I knew when I first started reading that Big Brother should have come with a trigger warning. My boyfriend is nowhere near 400 pounds, but he is a big guy; my weight is close to what Pandora weighs, in that moment in the story when she looks at the scale and staggers back, horrified. Yes. Okay. My boyfriend and I deal regularly with fat discrimination (the odd look as we walk down the street, the overly familiar comments, the name-calling), and now fat discrimination screams at me from this novel. Edison says at one point, “It’s not a description, it’s a verdict. Like I’m an abomination, the source of all evil and corruption in the universe. I eat too much, but I ain’t murdered anybody. I ain’t no paedophile.” Hear, hear, Edison.

And yet I kept reading. I want to know what happens. Where is Shriver going with this? I wondered what ending would be satisfying for me. If Edison ends up losing weight and being loved, then that means the love of family is conditional – we’ll only love you if you’re exactly this size. (I feel this, always, and this is a touchy subject for me.) If Edison ends up dead due to his weight gain, then it’s a condemnation of all fat people in the world – if you don’t lose weight, you will die, and it will all be your fault because you eat too damn much.

However, Edison is not only fat – he is also a slob. He eats constantly and doesn’t clean up after himself. He is depressed and lethargic, and an annoying name-dropping full-of-himself person. He is also poor, so he gets money from his sister. That will get anyone thrown out of a house.

He has to be all this, instead of merely fat. What if Edison is fat and happy? What if he exercises every day, holds down a job, is neat, jolly, smart, and happy? Would Pandora still be moved to make him lose weight? Would Fletcher still be moved to say the meanest, blackest things to him?

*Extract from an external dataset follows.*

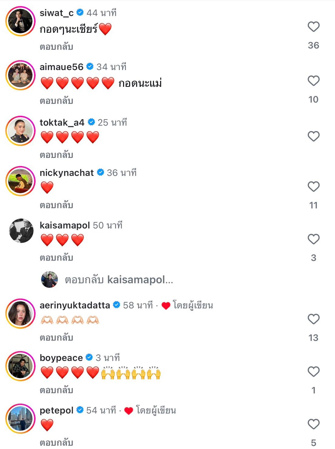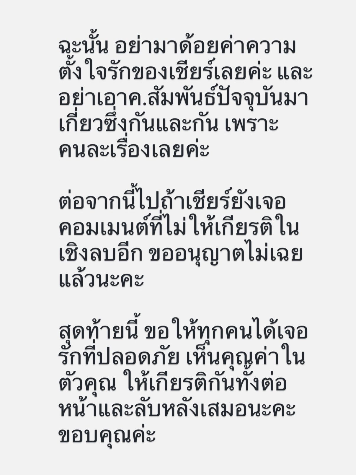 ซึ่งจากการคอมเมนต์ต่างๆ สร้างผลกระทบกับจิตใจของสาวเชียร์เป็นอย่างมาก ฉะนั้นไม่อยากจะให้มาด้อยค่าความรักและของเธอ และไม่อยากจะให้เอาความสัมพันธ์ปัจจุบันเข้ามาเกี่ยว เพราะมันคนละเรื่องกัน หลังจากนี้ถ้าเห็นคอมเมนต์เชิงลบที่ไม่ให้เกียรติกันจะไม่อยู่เฉยแล้ว ซึ่งหลังจากที่โพสต์ออกไปก็มีเพื่อนพี่น้องในวงการบันเทิงเข้ามาส่งกำลังใจให้เป็นจำนวนมาก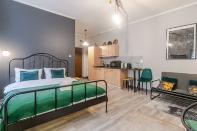 Strzelecka Central Studio składa się z salonu z rozkładaną kanapą (tzw. leżanką) oraz łóżkiem typu king size, aneksu kuchennego oraz łazienki. W apartamencie dostępne są: Wi-Fi, telewizja naziemna, lodówka z zamrażalnikiem, kuchenka elektryczna, mikrofalówka, czajnik, ekspres kapsułkowy. W domu znajdują się także żelazko, odkurzacz i suszarka do włosów. Goście mogą również korzystać z miejsca parkingowego bez gwarancji wolnego miejsca, z możliwością wystąpienia opłat.

Edison has to be more than fat, so his fatness can be rolled into the other sad parts of his life, so Pandora and Fletcher can come across not as judgmental pieces of shit, but as victims of a gold-digging, jive-talking fat guy.

I can see the solution from a mile away. Pandora should have explored the root of the problem: her brother’s diminished sense of self-worth, his loss of dignity and the will to live. Not the weight gain alone.

I loved this book. It talks about family and the truth about sibling dynamics, and how society views the individual based merely on what the surface shows. Lionel Shriver’s big brother died an obese man, so I know where she is coming from. She is coming from a place of guilt and mourning. But her prejudice about the overweight shines through. The book goes back and forth, from fat-hating to fat-loving, but the weight discrimination is still there. Just read this article of hers. (Add to this the fact that by her own admission, she eats only once a day, and equates food with guilt.)

Obesity and weight gain is a very complex issue. At least the book can be a jumping-off point for further discussion.